■ About this task
Here the job is to transcribe the data exactly while omitting the images.

━━━ Exercise materials

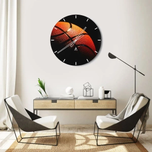 Horloge murale - Pendule murale - Gros plan d'un ballon de basket sur fond noir - 30x30cm - Belle comme une planète - Décoration murale moderne pour le salon et la chambre ARTTOR
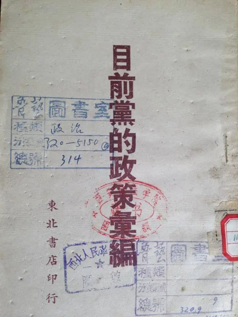 ▲同时加盖鲁艺图书室、西北人民革命大学、西安政法学院藏书章图书
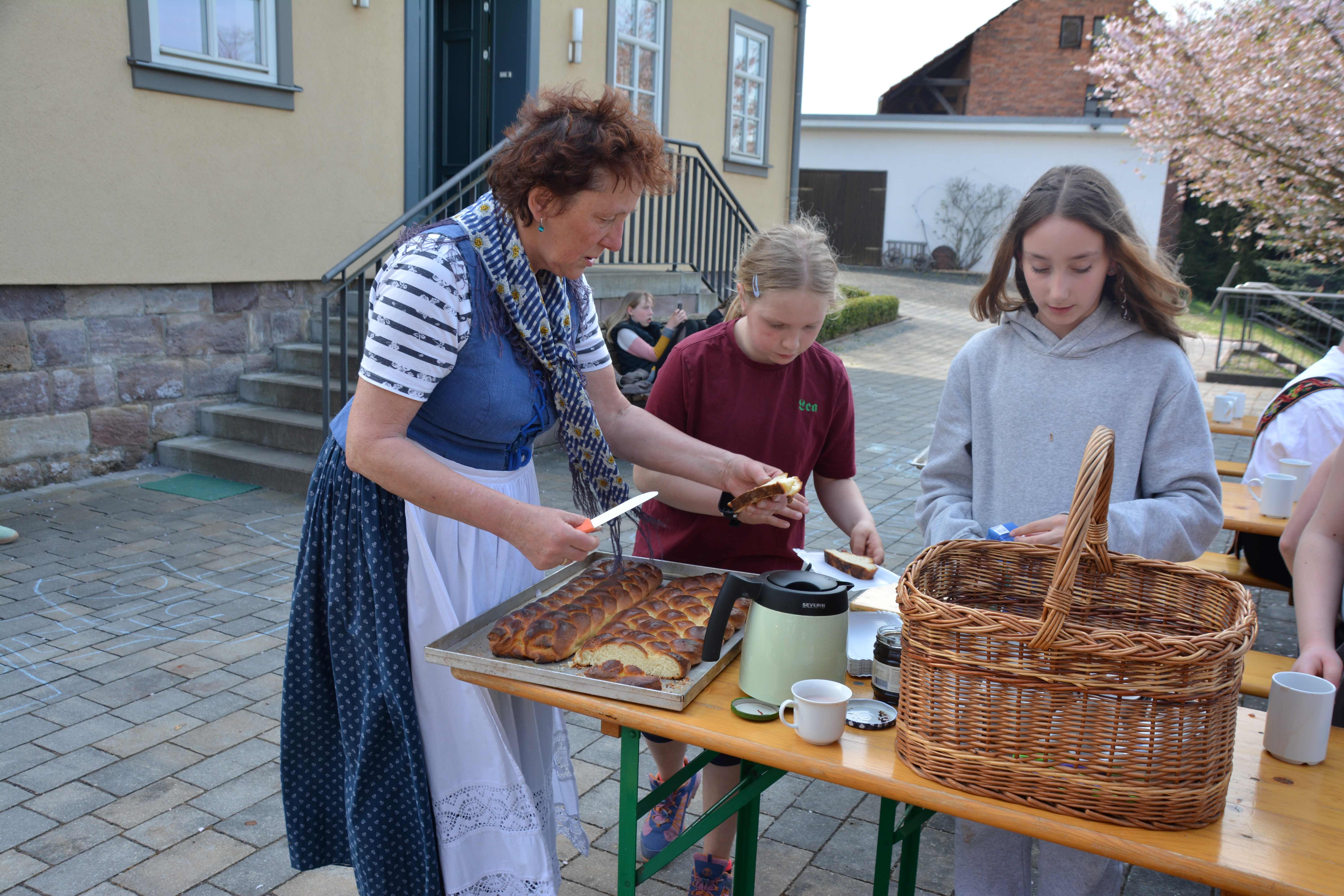Ein großes Dankeschön geht an die Teams des Trachtenvereins Tabarz und der Schönauer Backfrauen, die uns vor Ort in ihren Räumlichkeiten bewirtet haben und uns ihre Arbeit zeigten. Wir konnten einen tollen Einblick in das Wirken beider Vereine nehmen. Dank gilt allen engagierten Erwachsenen und den Kindern und Jugendlichen der Osterferienaktion 2025. Selbstversorgung wird immer zur Herausforderung, die wir gemeinsam gemeistert haben. Mit dem Landgut Engelsbach hatten wir eine tolle Herberge gewählt, und nicht nur Jürgen freute sich über den 250 Quadratmeter großen Tanzsaal mit Parkett. Die Resultate der Osterferienaktion werden sich am Kalender für 2026 zeigen, der im Frühsommer 2025 erscheinen soll.
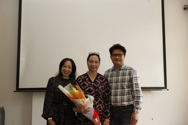 Ban chủ nhiệm Khoa Thanh nhạc trao hoa và quà cho giảng viên Cổ Tấn Thu Hương
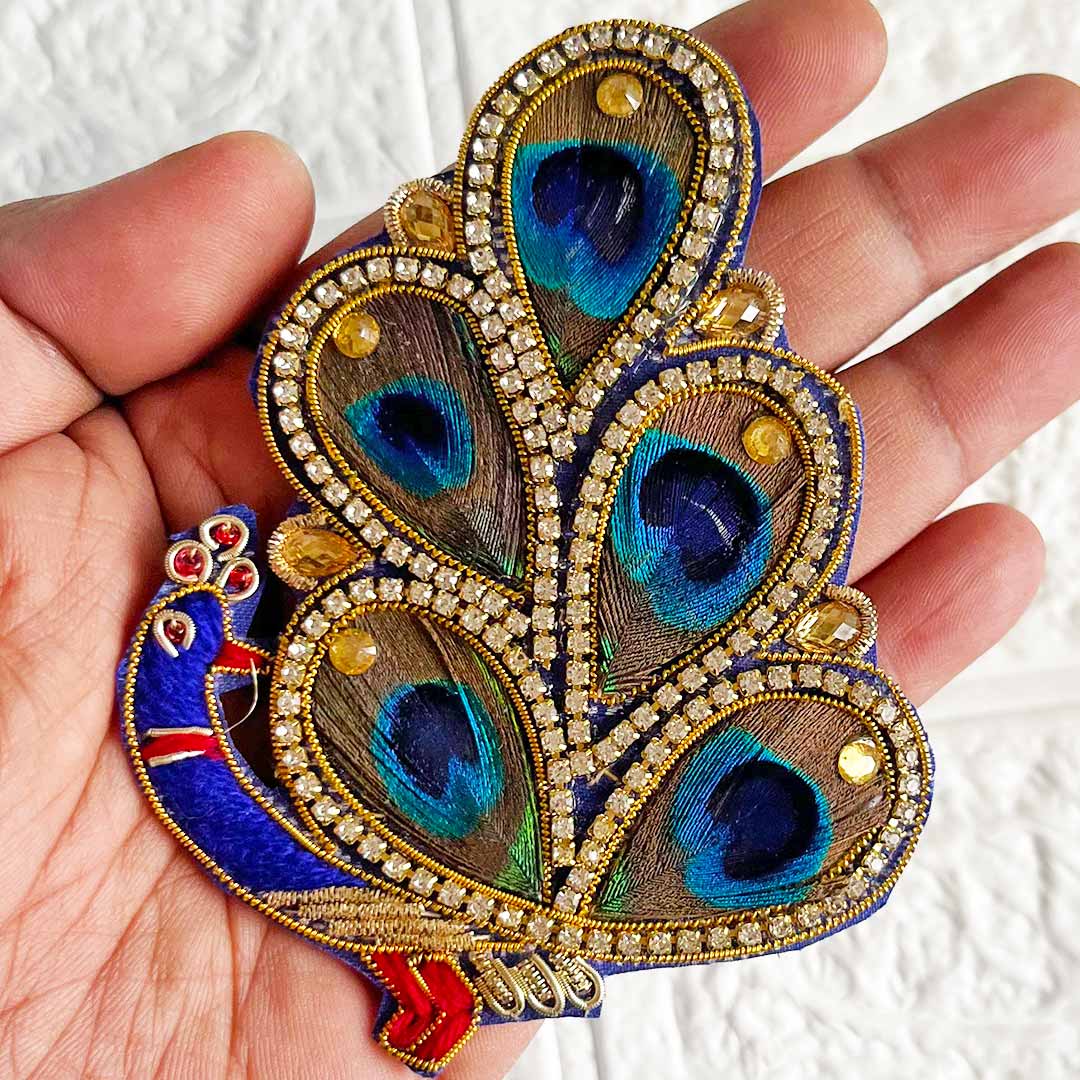 Measuring approximately 5 inches, these large applique patches are ideal for use as decorative bases for tea lights, puja thalis, rangoli designs, torans, or as focal pieces in wall art. They are handcrafted by skilled Indian artisans using quality fabrics, zari threads, sequins, beads, and authentic feathers to ensure durability and artistic richness.
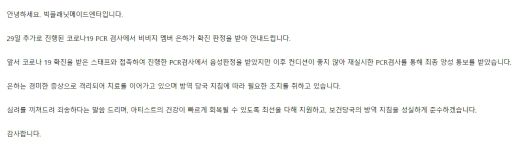 소속사 측은 "코로나19 확진을 받은 스태프와 접촉하여 진행한 PCR 검사에서 음성판정을 받았지만 이후 컨디션이 좋지 않아 재실시한 PCR 검사를 통해 최종 양성 통보를 받았다"고 밝혔다.
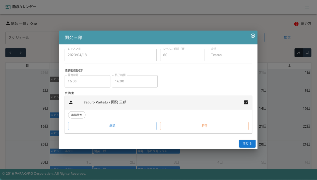 設定したレッスン時間が、承認前に何らかの理由で実施出来なくなった場合、レッスン時間の否認を行うことが出来ます
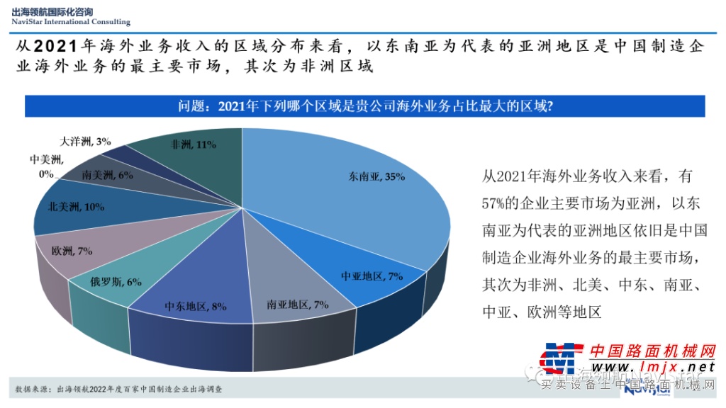 业务收入:《出海领航调查报告》显示,调研企业的2021年海外业务收入,有57%的企业主要市场为亚洲,其中,35%的企业以东南亚为最大海外业务收入来源区域;其次为非洲、北美、中东、南亚、中亚、欧洲等地区。

━━━━━━

■ Exercise solution
 Horloge murale - Pendule murale - Gros plan d'un ballon de basket sur fond noir - 30x30cm - Belle comme une planète - Décoration murale moderne pour le salon et la chambre ARTTOR
 ▲同时加盖鲁艺图书室、西北人民革命大学、西安政法学院藏书章图书
Ein großes Dankeschön geht an die Teams des Trachtenvereins Tabarz und der Schönauer Backfrauen, die uns vor Ort in ihren Räumlichkeiten bewirtet haben und uns ihre Arbeit zeigten. Wir konnten einen tollen Einblick in das Wirken beider Vereine nehmen. Dank gilt allen engagierten Erwachsenen und den Kindern und Jugendlichen der Osterferienaktion 2025. Selbstversorgung wird immer zur Herausforderung, die wir gemeinsam gemeistert haben. Mit dem Landgut Engelsbach hatten wir eine tolle Herberge gewählt, und nicht nur Jürgen freute sich über den 250 Quadratmeter großen Tanzsaal mit Parkett. Die Resultate der Osterferienaktion werden sich am Kalender für 2026 zeigen, der im Frühsommer 2025 erscheinen soll.
 Ban chủ nhiệm Khoa Thanh nhạc trao hoa và quà cho giảng viên Cổ Tấn Thu Hương
 Measuring approximately 5 inches, these large applique patches are ideal for use as decorative bases for tea lights, puja thalis, rangoli designs, torans, or as focal pieces in wall art. They are handcrafted by skilled Indian artisans using quality fabrics, zari threads, sequins, beads, and authentic feathers to ensure durability and artistic richness.
 소속사 측은 "코로나19 확진을 받은 스태프와 접촉하여 진행한 PCR 검사에서 음성판정을 받았지만 이후 컨디션이 좋지 않아 재실시한 PCR 검사를 통해 최종 양성 통보를 받았다"고 밝혔다.
 設定したレッスン時間が、承認前に何らかの理由で実施出来なくなった場合、レッスン時間の否認を行うことが出来ます
 业务收入:《出海领航调查报告》显示,调研企业的2021年海外业务收入,有57%的企业主要市场为亚洲,其中,35%的企业以东南亚为最大海外业务收入来源区域;其次为非洲、北美、中东、南亚、中亚、欧洲等地区。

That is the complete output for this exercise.